Para o gerente da UPA do Núcleo Bandeirante, Neviton Batista, cuidar da saúde mental dos colaboradores não é uma opção, mas uma necessidade. “Pessoas emocionalmente saudáveis trabalham melhor, se relacionam melhor e têm mais qualidade de vida dentro e fora do ambiente de trabalho. Lidamos diariamente com pressão, sobrecarga e responsabilidades que não ficam do lado de fora quando entramos na instituição”, observa.

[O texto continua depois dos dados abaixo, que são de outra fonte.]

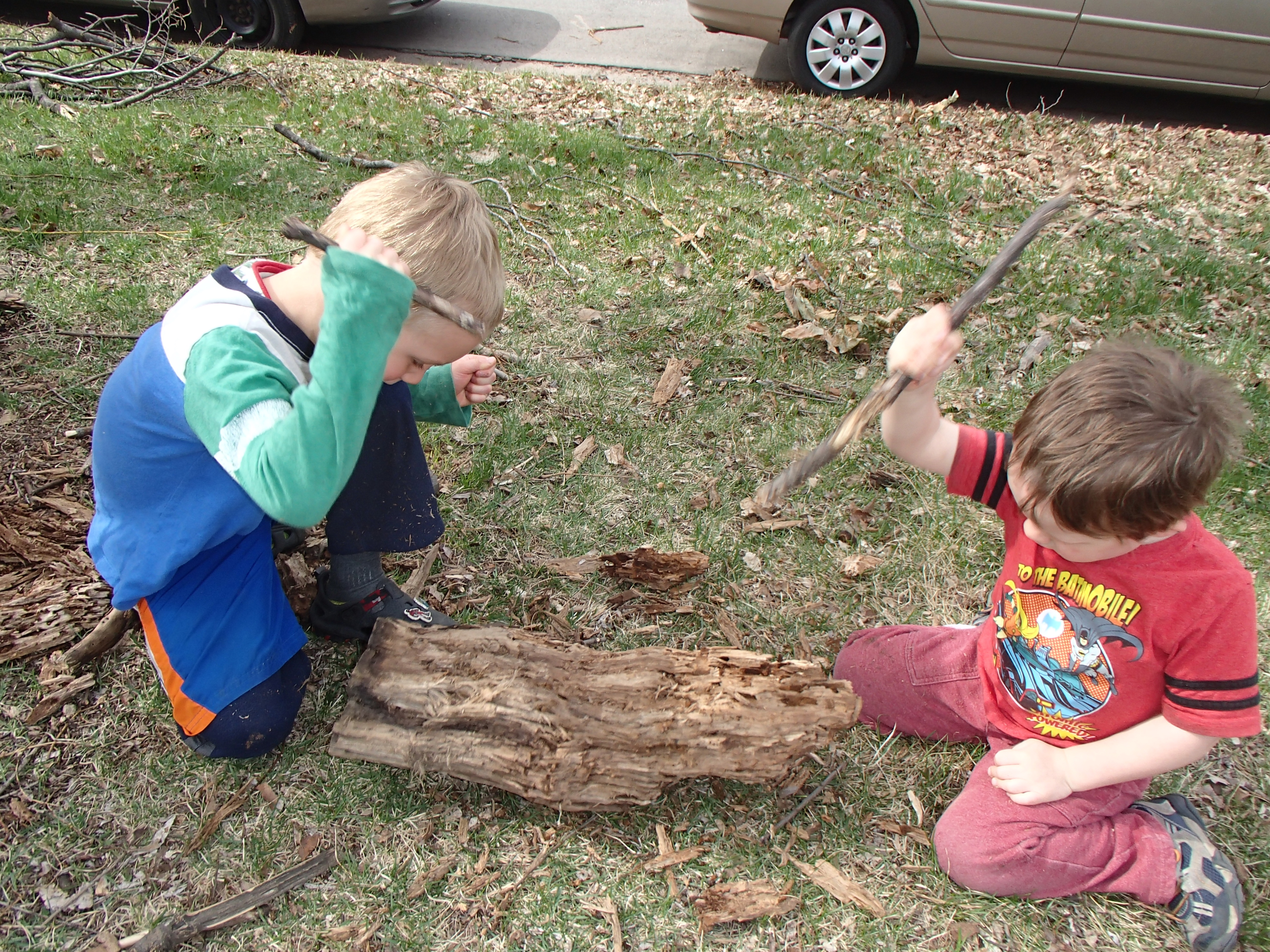 He spent the rest of our outside time trying to break the ice chunks. He tried throwing them against stumps, tree trunks and the ground. He tried hitting them with sticks and shovels. I hate to admit that my first reaction was to tell him not to break them. But I held my tongue and watched.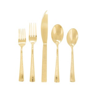 - Set includes: 1 dinner fork, 1 salad fork, 1 dinner knife, 1 soup spoon, and 1 teaspoon

No dia 15, a ação também foi realizada no PO700, sede administrativa do IgesDF, reunindo colaboradores de diversos núcleos em um momento de diálogo, música e incentivo à busca por apoio e cuidados com a saúde física e mental. Na mesma data, as UPAs de Ceilândia I e II também receberam as equipes do Projeto Acolher.
Proposta continuada
O Projeto Acolher já é reconhecido internamente por atender a uma demanda essencial dos trabalhadores. Entre os serviços ofertados estão atendimentos em psicologia, psiquiatria, acupuntura, nutrição, meditação, Reiki e ginástica laboral, além de ações pontuais como o “Prosa e Melodia”.
A técnica de segurança do trabalho Luzia Tânia, que atua na UPA de Brazlândia, destaca a importância da iniciativa. “Atos como esse promovem a saúde mental dos colaboradores. Aqui criamos um painel com frases motivacionais, incentivando cuidados como a prática de atividades físicas e de lazer para aliviar o estresse da rotina hospitalar. O cuidado com a saúde mental impacta diretamente a qualidade do trabalho e a prevenção de acidentes”, ressalta.
O calendário de ações segue ao longo do mês, incluindo atividades no Centro de Distribuição, no dia 21, e será estendido às unidades administrativas e hospitalares do IgesDF.
Para Paula Paiva, o Janeiro Branco vai além de um marco simbólico. “Para o IgesDF, proteger a saúde mental é parte de uma gestão contínua. Isso preserva talentos, fortalece o espírito de equipe e melhora a qualidade do serviço público de saúde. Em um cenário de demandas crescentes, cuidar de quem cuida é um compromisso institucional”, finaliza.